PARSHAT CHUKAT
Life is certainly nothing but mystery. The unknown and the uncertain far outweigh what we believe we understand and base our life’s activities and plans upon. Events that are unforeseen and sometimes less than fortuitous occur to us all of the time, jarring our sense of security and serenity. Though this week’s parsha dwells upon one of the laws of the Torah called a chok – a law without understanding or rational explanation – it really informs us about human life.
The Torah states explicitly zot chukat haTorah – this is the law of the Torah regarding all matters of life. Really what we think we understand is still not fully understood by humans. Every layer of scientific discovery and advance unpeels for us the specter of untold new mysteries of which we were previously completely unaware. The nature of all life is therefore chok. So the Torah, though concentrating on the commandment and mystery of the parah adumah in all of its particularities really addresses itself to life generally.
In the Torah viewpoint, humans have limitations in their abilities to understand and rationalize our existence and purpose. “No living creature can see Me” is interpreted in Jewish tradition to mean “No living creature can ever understand fully the world, nature and logic of the Creator of us all. Man is doomed to be a wanderer in a desert of doubt and uncertainty, without ever being able to find one’s way clearly on his own. All of the frustrations and disappointments of human life stem from this hard fact of life.

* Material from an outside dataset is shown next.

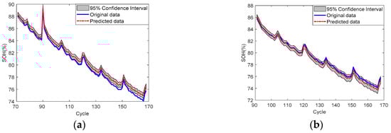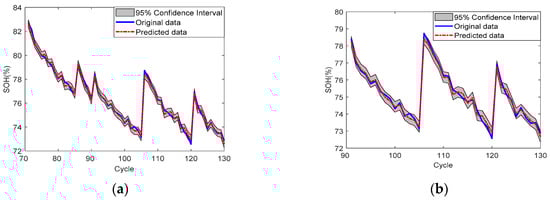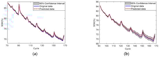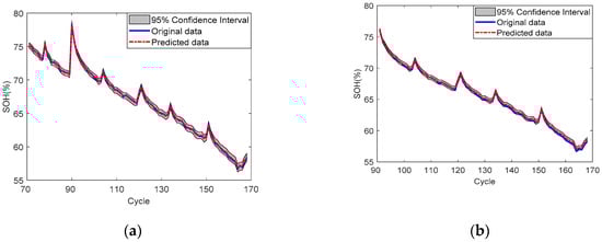 SOH prediction results of battery No. 6: (a) SP = 71; (b) SP = 91.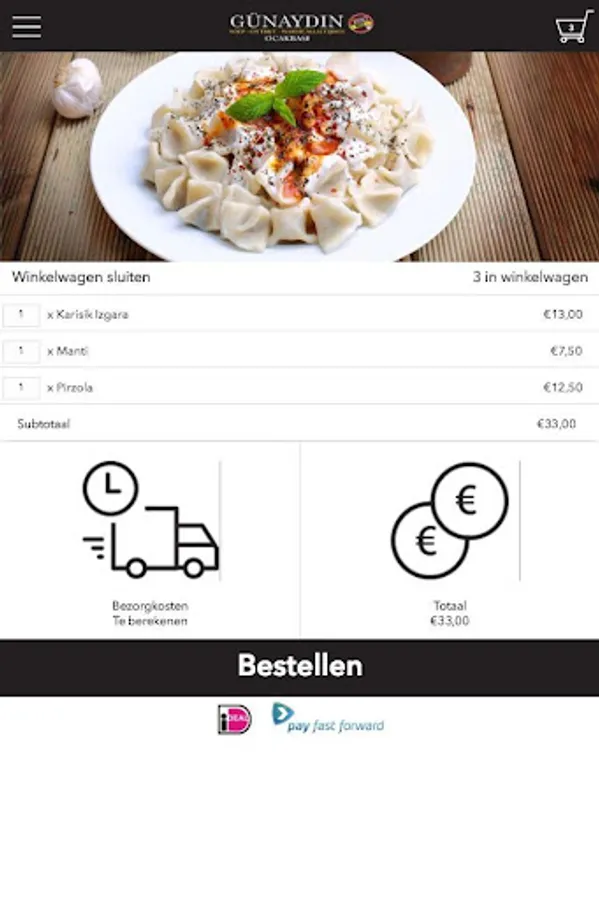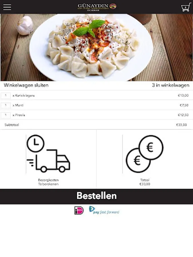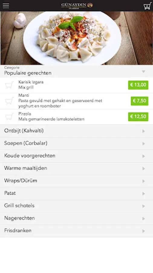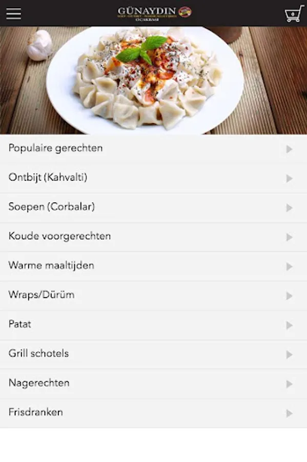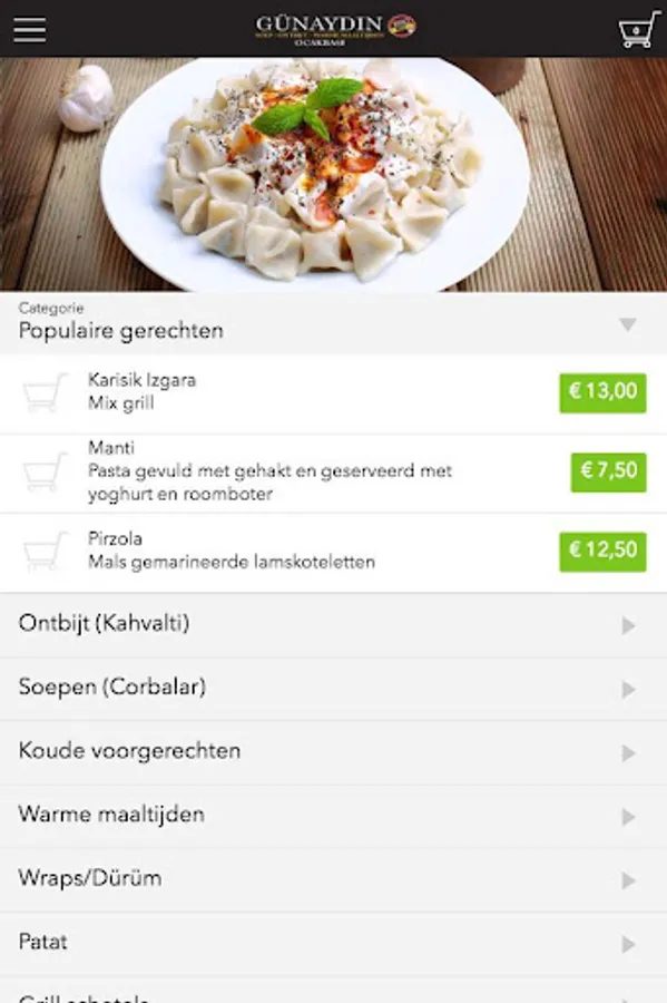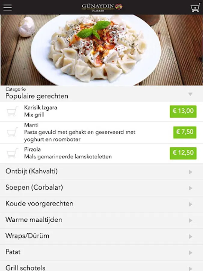 The Restaurant Gunaydin app is designed to be able to place orders easily and quickly by means of a simple menu. In the menu you can choose to include popular dishes, but you can also draw up a menu.

Rabbi Moshe Chaim Luzatto in his immortal work, Mesilat Yesharim, compares life to a gigantic maze in which without directions or guidance one can never emerge. I remember that once when I visited one of the royal palaces and its grounds in Europe, I tried my luck at entering the maze of tall hedges that existed there. There were many other people with me in the maze. Suffice it to say that after forty minutes none of us had found our way out of the maze. There were people who were bemused by the situation. Others were visibly frustrated and almost angry in their inability to escape. And then there were those who were visibly panicked by being lost in the maze. After a while a guard entered the maze and guided all of us safely out.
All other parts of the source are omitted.